Inizialmente ottenuti in gran parte dall’acciuga peruviana, ma poi anche da molte altre specie marine incluso il krill, i grassi polinsaturi omega-3 sono gli ingredienti bioattivi della più importante classe di integratori alimentari consumata al mondo. Il mercato mondiale dei prodotti contenenti i due acidi grassi DHA ed EPA nel 2016 superava i 31 miliardi di dollari. In Italia, dove 8 persone su 10 fanno uso di integratori, nello stesso anno ne venivano acquistate più di 4 milioni di confezioni (per un fatturato di oltre 84 milioni di euro). Da allora, i consumi di integratori a base di omega-3 marini sono ulteriormente aumentati.
Le autorità sanitarie internazionali e nazionali raccomandano l’assunzione quotidiana di DHA ed EPA, sotto forma di pesce fresco o di integratori alimentari, in quantità che vanno dai 250 mg tipici in molti Paesi dell’Europa occidentale, ai 1300 mg della Russia.
Il fine è quello di bilanciare l'eccesso di grassi omega-6 presente ormai da decenni nelle diete più comuni dei Paesi industrializzati. Associati a molteplici benefici per la salute tanto degli adulti che dei bambini, EPA e DHA svolgono un ruolo fondamentale nella prevenzione dell’infiammazione cellulare. E poiché si tratta di nutrienti essenziali che non possono essere sintetizzati dall'organismo, entrambi devono essere assunti con la dieta.
Con un paio di eccezioni, l’estrazione degli omega-3 avviene partendo dai pesci o dai crostacei interi. L’olio estratto generalmente per bollitura viene poi sottoposto a numerosi step di raffinazione. In alcuni casi, l’estrazione fa uso di anidride carbonica allo stato supercritico: il processo migliore, ma tecnicamente molto più complesso.
Si preferisce estrarli da pesci piccoli e abbondanti come l’acciuga o il krill al fine di minimizzare l’estrazione di contaminanti tossici e pericolosi come il mercurio o i policlorobifenili che si bioaccumulano nella catena alimentare e sono molto più abbondanti nei pesci di grande dimensione.
Il mercato in costante crescita non fa che aumentare la pressione antropica sui banchi ittici, e le conseguenti proteste degli ambientalisti. La soluzione, attesa da molti anni, sta nell’estrarre queste preziose sostanze dagli scarti di lavorazione del pesce prodotti ogni anno in enorme quantità (milioni di tonnellate) attraverso un processo di economia circolare. Che sia, però, semplice ed economico.

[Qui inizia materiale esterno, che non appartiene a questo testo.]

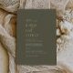 This modern chic gold foil olive green casual wedding invitation is perfect for a modern wedding. The woodsy boho design features rustic unique and stylish bohemian typography in a minimal woodland forest green colour with luxurious pressed gold foil accents.
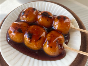 散策後は伊賀米を使った、「朝日餅」のみたらし団子をお土産にお持ち帰りいただきました。
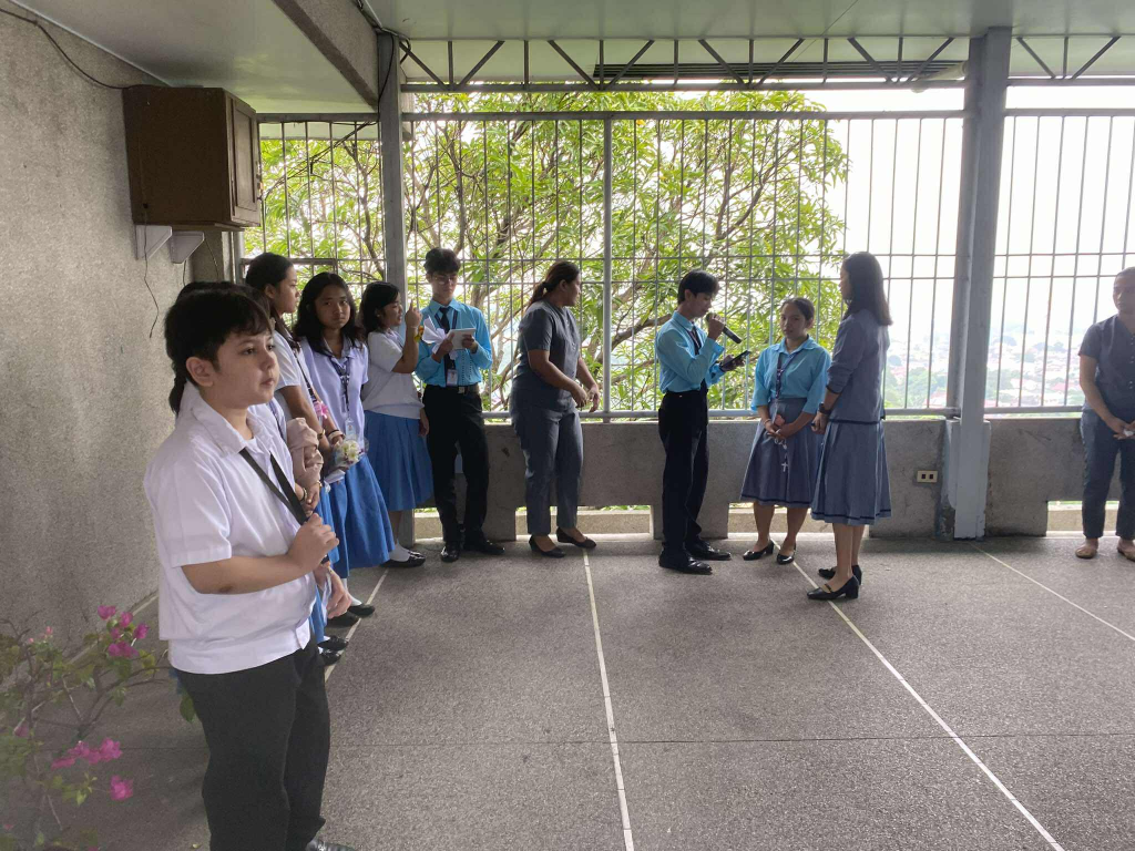 Yesterday, in celebration of the Nativity of the Blessed Virgin Mary, the High School Department came together in a beautiful expression of faith through a Living Holy Rosary and floral offerings.

I ricercatori di Cnr e Università di Palermo hanno quindi dedicato a Giovanni Tumbiolo, pioniere della bioeconomia del mare fondatore del meeting internazionale Blue Sea Land, la scoperta di un processo per estrarre rapidamente e in alte rese i preziosi grassi omega-3 dagli scarti di lavorazione dell’acciuga: il pesce più pescato al mondo e il più pescato anche in Italia
Come dettagliato nello studio «A Circular Economy Approach to Omega-3 Extraction», è sufficiente ‘frullare’ gli scarti di lavorazione del pesce mescolati con una piccola quantità di limonene e poi estrarre gli omega-3 dalla purea risultante con un’ulteriore aliquota di limonene.
Il limonene è il componente principale dell'olio essenziale di arancio. Oltre ad essere un potente solvente per i grassi è anche una sostanza naturale antiossidante, antibatterica ed antiparassitaria, che protegge i delicati omega-3 dall’ossidazione che poi finirebbe per limitarne l'efficacia come integratori alimentari. L'olio ottenuto, inoltre, ha un contenuto molto elevato di vitamina E in forma di alfa-tocoferolo: ovvvero quella più benefica per l'uomo, il che rende l'olio di pesce estratto in questo modo di altissimo pregio.
Utilizzando quelli che finora erano stati processati come ‘rifiuti’, l’industria conserviera di Sciacca che ha donato gli scarti, e tutte le altre che nel mondo producono grandi quantità di scarti lavorando il pesce, adesso hanno l’opportunità di divenire anche produttori della materia prima utilizzata per la produzione di questi formidabili integratori.